Begin with the line below holding "Then, ½ an avocado, mashed" and go on through the line holding "Pokój rodzinny (5", duplicating each line exactly and leaving out pictures.

Material for the task:
▬▬▬▬▬▬
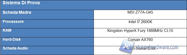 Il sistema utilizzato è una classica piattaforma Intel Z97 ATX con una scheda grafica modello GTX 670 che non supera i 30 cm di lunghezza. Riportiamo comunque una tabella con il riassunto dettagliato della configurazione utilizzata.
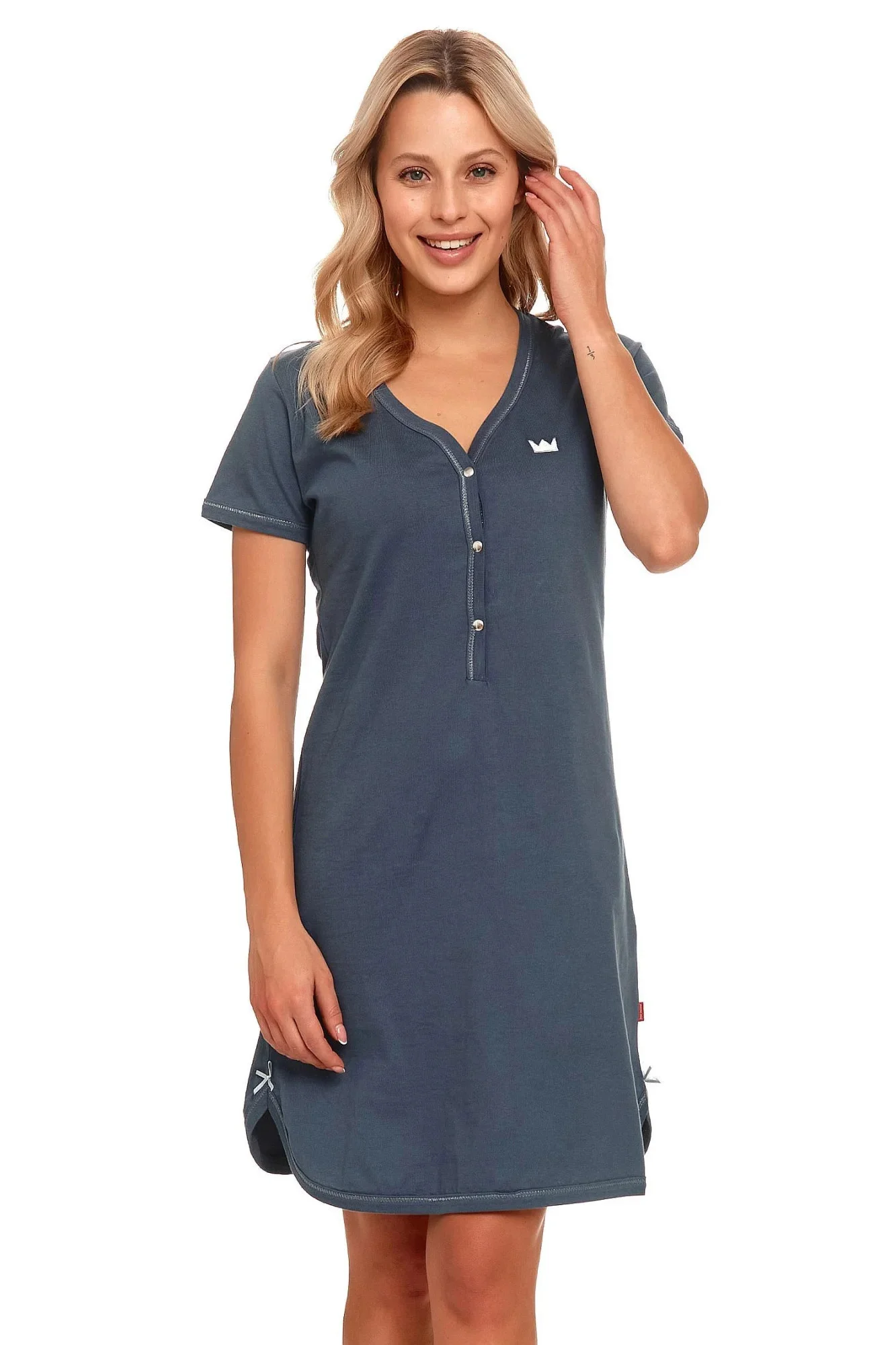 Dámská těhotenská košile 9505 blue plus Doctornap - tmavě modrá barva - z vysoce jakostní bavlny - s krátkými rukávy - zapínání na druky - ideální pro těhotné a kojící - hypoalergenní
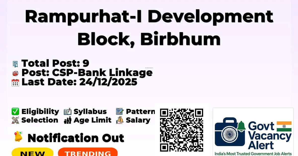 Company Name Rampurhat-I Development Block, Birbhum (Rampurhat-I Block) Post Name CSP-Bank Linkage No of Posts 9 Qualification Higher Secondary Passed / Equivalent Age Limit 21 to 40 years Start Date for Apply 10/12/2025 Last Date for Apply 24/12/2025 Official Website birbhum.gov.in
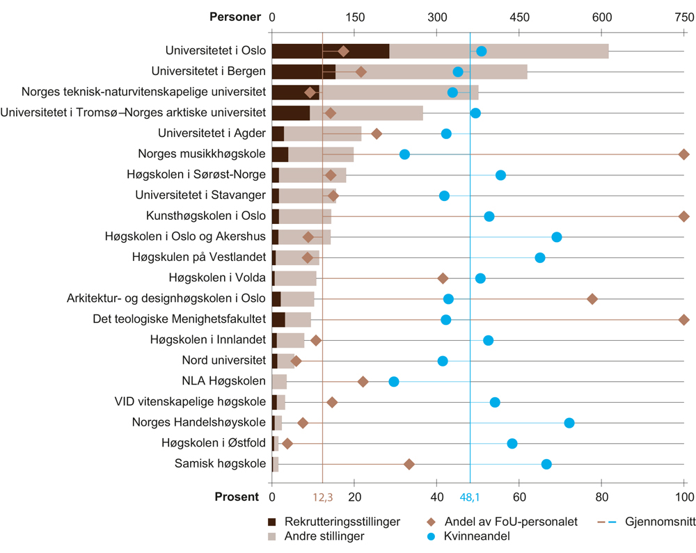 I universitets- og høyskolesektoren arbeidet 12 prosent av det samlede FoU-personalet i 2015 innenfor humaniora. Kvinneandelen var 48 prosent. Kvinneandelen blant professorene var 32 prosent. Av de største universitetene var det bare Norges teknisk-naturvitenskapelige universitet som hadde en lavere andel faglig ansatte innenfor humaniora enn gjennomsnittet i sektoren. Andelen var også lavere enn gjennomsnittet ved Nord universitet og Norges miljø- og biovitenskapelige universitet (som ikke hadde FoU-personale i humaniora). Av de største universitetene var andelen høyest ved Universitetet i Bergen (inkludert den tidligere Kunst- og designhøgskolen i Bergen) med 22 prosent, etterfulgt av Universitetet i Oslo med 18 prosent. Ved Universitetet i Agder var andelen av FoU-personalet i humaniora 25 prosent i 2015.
▬▬▬▬▬▬
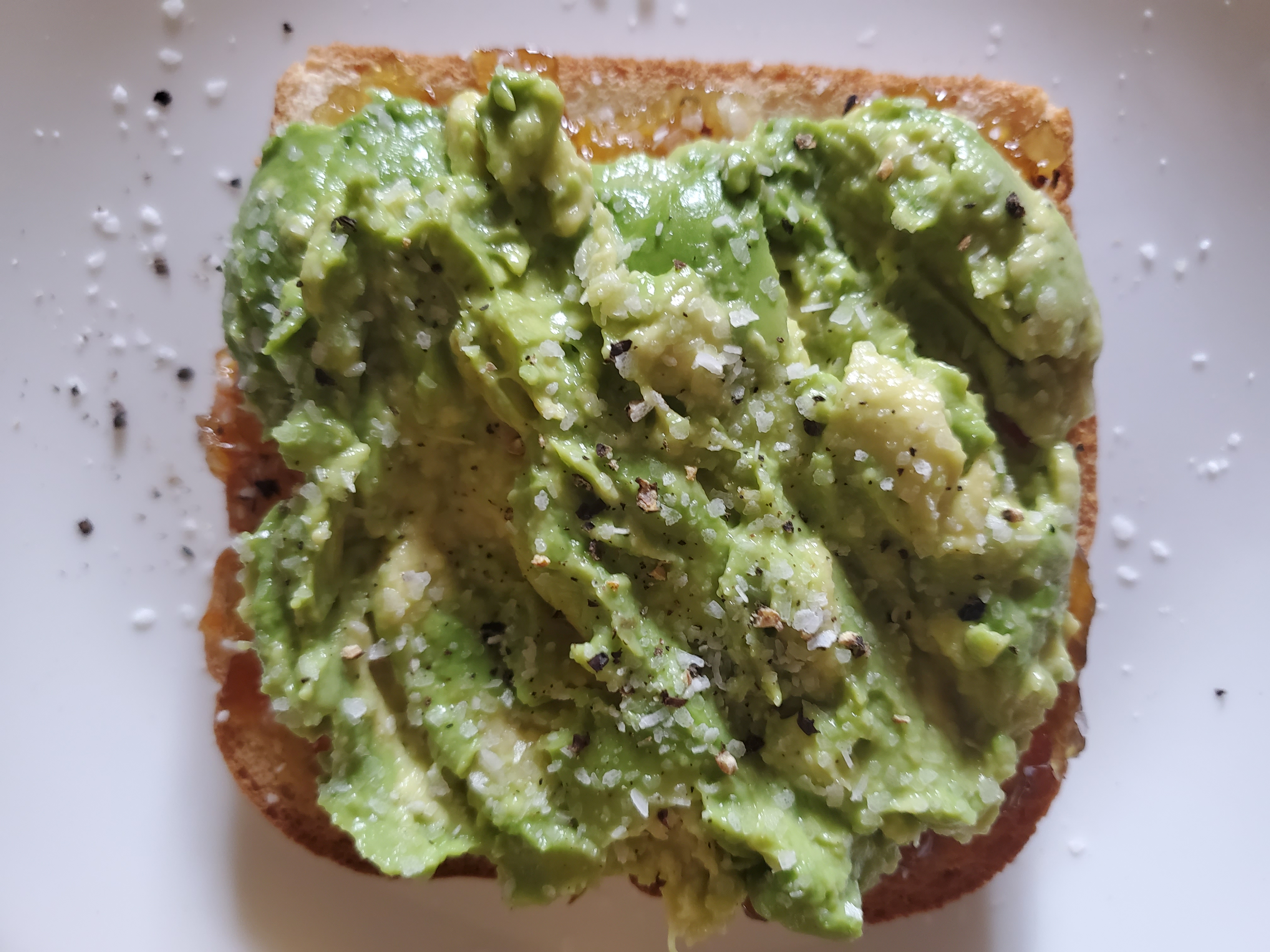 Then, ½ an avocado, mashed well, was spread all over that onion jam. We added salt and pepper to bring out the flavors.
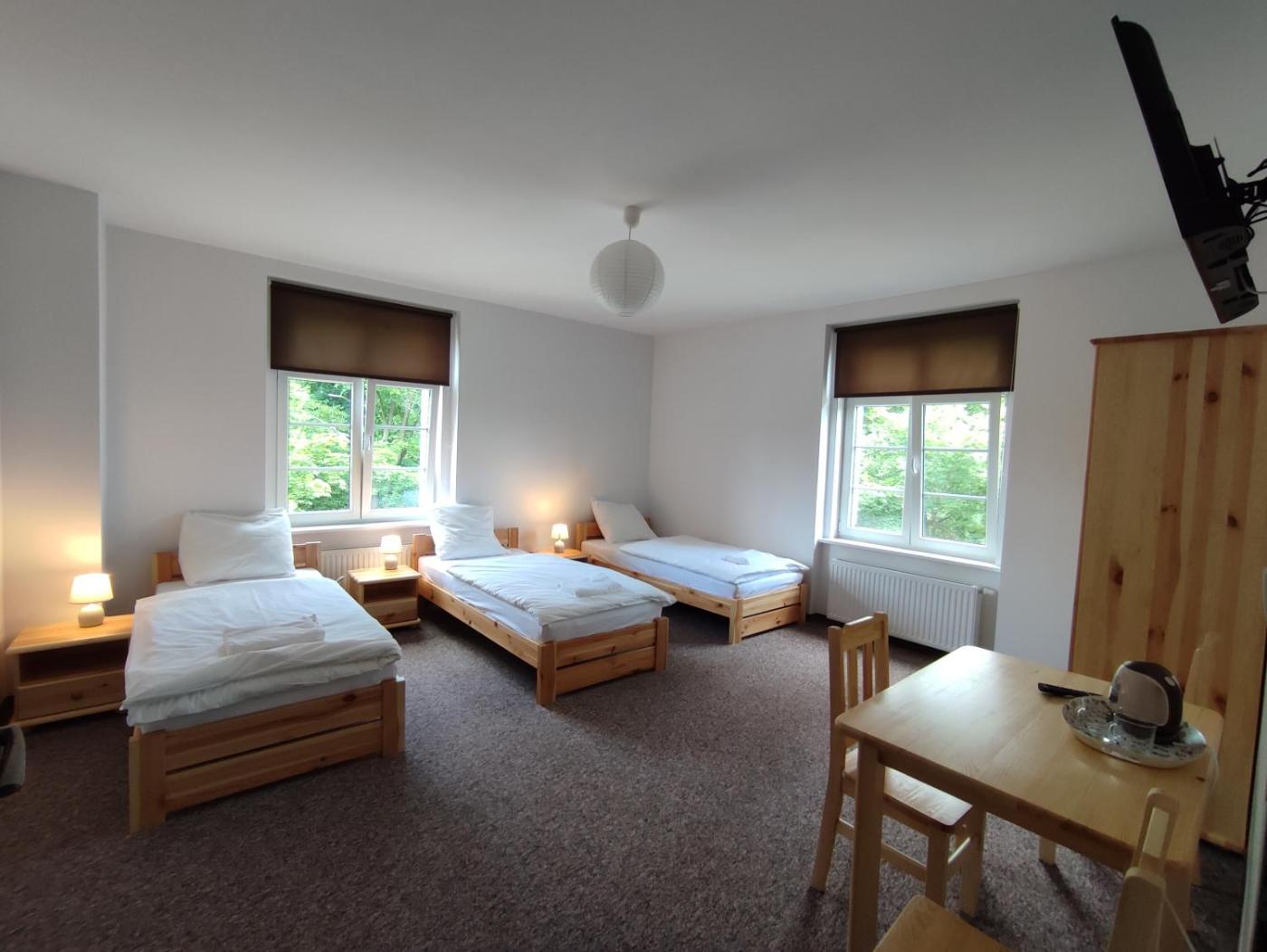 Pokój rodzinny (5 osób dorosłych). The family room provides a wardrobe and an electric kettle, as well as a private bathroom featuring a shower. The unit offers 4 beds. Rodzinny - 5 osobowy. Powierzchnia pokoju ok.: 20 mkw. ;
▬▬▬▬▬▬
Written answer:
 Then, ½ an avocado, mashed well, was spread all over that onion jam. We added salt and pepper to bring out the flavors.
 Pokój rodzinny (5 osób dorosłych). The family room provides a wardrobe and an electric kettle, as well as a private bathroom featuring a shower. The unit offers 4 beds. Rodzinny - 5 osobowy. Powierzchnia pokoju ok.: 20 mkw. ;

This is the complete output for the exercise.